Hoste, a second-year photojournalism master’s student, also placed in a category that was new this year. The interpretive-eye category is similar to the interpretive project, but photographers can only submit one image.

Hoste stumbled upon his award-winning photo when he used a public restroom during his summer travels in Iceland. The view was worth the price of admission to the facility: 200 Icelandic kroner (about $1.50).

“It’s by far the greatest view of any bathroom I’ve ever used, and it seemed to make sense that it would exist in a place like Iceland,” he said.

Hoste said CPOY is a great opportunity to see other photographer’s work and hear professionals speak about what makes a great image.

“It’s exciting to have my work recognized, but the greatest thing comes from just being able to sit, watch the judging and absorb everything that’s happening in that room over the course of the week,” he said.

People are allowed in the rooms to watch the judging, but it’s also podcasted for those who can’t attend.

Hindsley, a photojournalism senior, said his award-winning photo was typical of sports-action photograpy.

“Like any other photographer, I just watch the action, practice following it, pay attention and follow it through,” he said.

Photo by Benjamin Hoste
Benjamin Hoste, a second-year master’s student in the photojournalism sequence, received a silver award for his photo of a public restroom in Iceland’s Thingvellir National Park.

Hindsley said he decided to enter his photo in the CPOY competition because it seemed to exemplify a dramatic peak moment.

“CPOY is a phenomenal competition that I’ve looked at and been a part of since my freshman year,” Hindsley said. “It has set the precedent for me since then.”

Not only were there new categories, but this year was also the first year that the competition allowed for images altered by photo filters such as Instagram and Hipstamatic, though none of the School of Journalism winners used the tools. Palley, who is also a coordinator of CPOY, said there were guidelines for the use of these programs, but the option increased the amount of entries.

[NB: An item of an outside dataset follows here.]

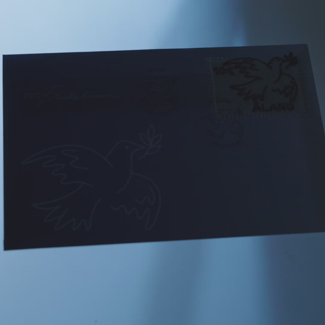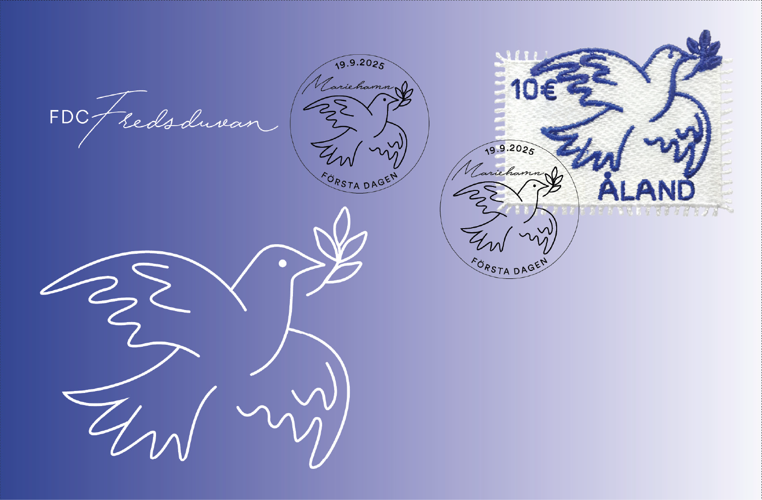 Die Briefmarke mit der Friedenstaube ist die erste gestickte Briefmarke von der Åland Post. Sie ist Teil des internationalen Friedensprojekts Friedenstaube. Åland Post beteiligt sich gemeinsam mit mehr als zehn Postverwaltungen, der UNO und dem Weltpostverein an dieser einzigartigen Sonderausgabe. Das gemeinsame Motiv zeigt eine Taube mit einem Olivenzweig im Schnabel.

Palley said the goal of CPOY is to have students’ portfolios seen and evaluated by professionals. According to the contest website, judges looked at 14,100 photographs and 218 multimedia entries submitted by 573 student photographers from 125 colleges in 17 countries.

“There are hundreds of photographers from all over the world, and I’m honored to be recognized as part of it,” he said. “It was all fantastic work, and I’m proud to represent the Missouri School of Journalism.”

Rick Shaw, director of Pictures of the Year International, oversaw this year’s CPOY.

About CPOY
Cliff Edom, founder of the photojournalism area of emphasis at the School, and his wife, Vi Edom, founded CPOY in 1945. It is now co-sponsored by Nikon Inc., which allows free entry to college students worldwide. In conjunction with the contest, the National Press Photographers Foundation administers the Colonel William J. Lookadoo and Milton Freier Memorial Awards. In 2005, contributing sponsor National Geographic magazine began offering an internship to the Gold winner of the Portfolio category. Winners are awarded equipment and educational opportunities provided by Nikon Inc., The Poynter Institute and the Missouri Photo Workshop.